The Zorn palette is really used more in portraiture and figure painting, not in landscape painting (apparently we see more variety of greens than any other colours). Zorn would also use blues and greens and other colours when landscape painting and when painting with watercolours.

There is also evidence from his studio of a very varied selection of paints, but my studio also includes many colours that I would not usually use: as a painter I am often gifted tubes of paint and I like to experiment with different colours. After all no artist should be completely formulaic, as where would the space be left for creativity?

 

Teaching colour

There are many schools of thought when it comes to teaching colour and colour theory for painters.

An abundance of Colour

There are those who believe that all that we see is colour and therefor we should have access to the most amounts of tubes of colours as possible. This is not what I subscribe to. I think this presumes that as students we understand colour completely. I think we understand hue, but colour, with all its varying temperatures and values, is a much more complex and subjective topic.

Furthermore we can rarely get exactly the right colour from a tube. Painting colour involves relationships, and mixing colour. The colour we see is only in relationship to its neighbour. If we have an abundance of colours to mix from then we have thousands of options and combinations of colours available to us. How could we keep track of which colour combinations give us which colours?

 

A Limitation of Colours

By limiting the colours available to us we have to be much more disciplined and scientific about colour combinations and colour mixing and relationships. Of course as we learn we can add more colours to our palette. There is an expression we use when teaching that “values do all the work but colour gets all the credit”. How true this is.

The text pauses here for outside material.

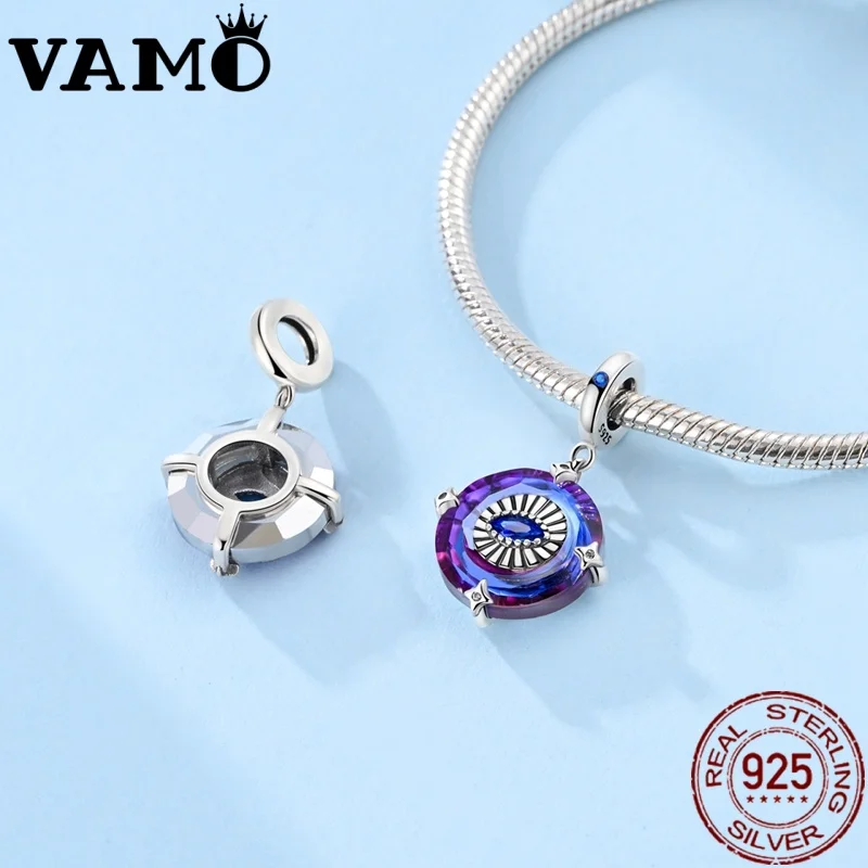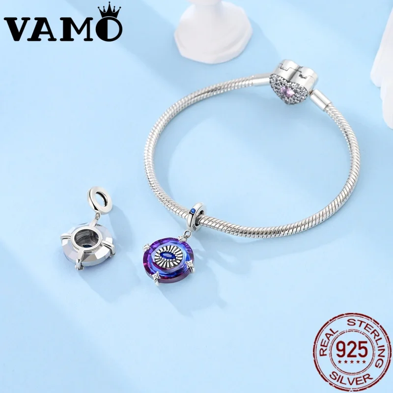 Imagine adding a touch of elegance and artistry to your favorite bracelet with this stunning VAMO original 925 sterling silver bead. Designed as a nugget-shaped charm, it boasts a polished, high-quality silver finish stamped with a “925” sterling mark, ensuring authenticity and durability. Its intricate design features a vibrant, semi-transparent purple hue combined with delicate silver accents, creating a captivating blend of color and craftsmanship. The central motif is a beautifully crafted eye or lens design, encasing a faceted vivid blue gemstone, adding a sparkling pop of color. Small four-petal flower embellishments surround the central element, enhancing its intricate appearance. With its versatile design, it complements various DIY jewelry projects for a personalized look you’ll cherish.

People often look at my paintings and say, “oh I love your colours’ and yet the colour is nothing without the design of shapes and values.

 

John Singer Sargent said that there is no point putting a brush stroke down unless it is the correct brush stroke in terms of colour, shape, value, and direction. This is very true, but we believe that learning every step all at once is much harder than breaking down the learning practice: from drawing shapes to proportions, values and then colour. A well-proportioned monochrome image is still representational even if devoid of colour. So it is best to introduce colour gradually.

 

The irony is that limiting our colours is in actual fact so liberating and can teach us so much. And we will see in article 2 just how many colours can be created despite the limitation of only having four pigments.

 

 

Painting an Egg

For the first exercise I have chosen to paint an egg. An egg is a fantastic teaching tool. Before we hire a model, an egg is a much cheaper and reliable alternative! The colour of an egg is so flesh like, and the shape of an egg is so similar to a portrait. It really is an amazing tool.

 

The palette set-up

I would suggest you do not work from a white palette. It is very hard to gauge the values and colours; everything we mix seems deeper against the white. In the same way that we should tone the canvas or panel, we should also work from a mid-tone palette: a wooden palette, a grey tear-off palette, or a piece of glass with grey paper laid underneath.  Some people like to put theirs on a table so a glass palette is good and it is much easier to keep clean. I am using my wooden palette, as I really like to hold my palette and I tend to walk back and forth from my easel and I can easily tilt it if there is glare.

Lay the colours out far apart from light to dark just as in Zorn’s self-portrait. Black, Red, Yellow and White, more specifically I use ivory black, cadmium red, yellow ochre and titanium white. I will go into more details of colours in the second article. I am always reminding students that the palette is limited in size, so we don’t want any of the palette to go on holiday, we need to access all of it.  I would suggest laying your colours far apart from each other and near the edge to give you the greatest area to mix in.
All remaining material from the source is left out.